Six months also happens to be the time elapsed between the death of Karen’s mum, author Lynne Wilding, in 2007, and her robust return in a dream visitation that was more like an alternative truth, or an untravelled path.

After battling ovarian cancer for three years, Lynne, 65, had looked frail at the end, but in Karen’s dream, ‘she just looked normal and really healthy’.

Karina

 

Lynne was leaning against the kitchen counter to chat as she’d often done in the evening after helping Karen with her two daughters while she and her husband worked. Karen recalls her mother said, ‘I don’t feel sick anymore. I’m really good.’ Then, keen to demonstrate her recovered health, she said, ‘Look what I can do,’ before walking through the wall and standing out in the backyard. She walked back into the kitchen through the wall and said to Karen, ‘How clever am I?’ Then she repeated,‘I’m not sick anymore, I feel really good.’
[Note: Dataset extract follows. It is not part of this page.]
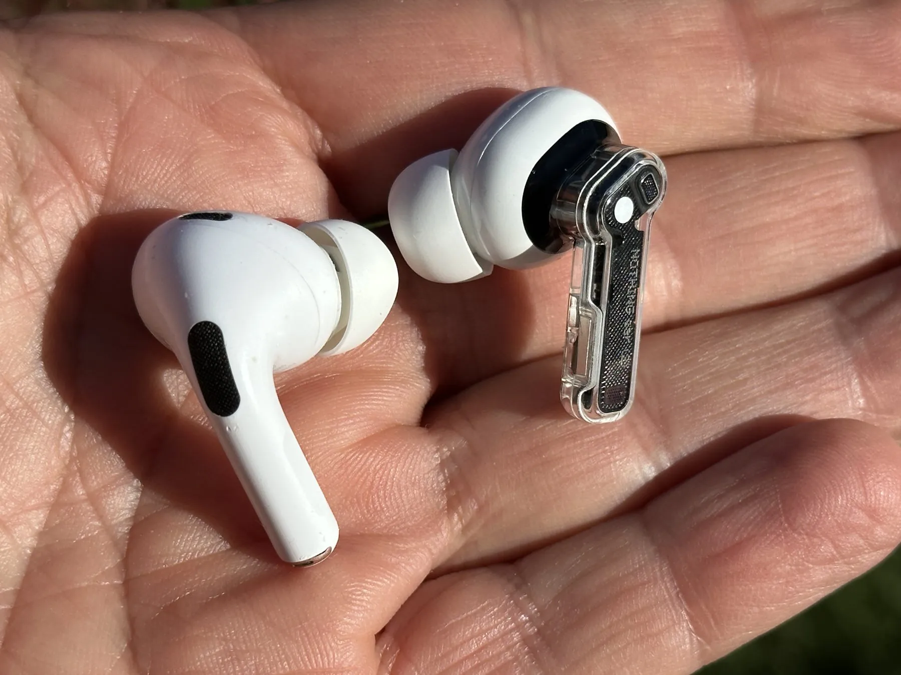 Nonostante sia impossibile confondere i Nothing Ear (2) con gli AirPods la forma e le dimensioni sono quasi gli stessi. Basti pensare che la scatola dei Nothing Ear (2) contiene perfettamente gli auricolari Apple.

Karen woke up sobbing with happiness and relief and was drawn to go downstairs, where, inexplicably, a delicious aroma filled the rooms. ‘The house smelt like cookies!’ marvels Karen, whose Mum had never been a keen baker. ‘It didn’t make sense to me at the time but it was a really strong smell.’ Was Lynne speaking in the language of scents, letting her grieving daughter know that everything is sweet – that she’s home? One thing is certain: ‘I felt a lot lighter after that,’ says Karen. ‘I thought that was probably her way of telling me that she’s good, that she’s okay.’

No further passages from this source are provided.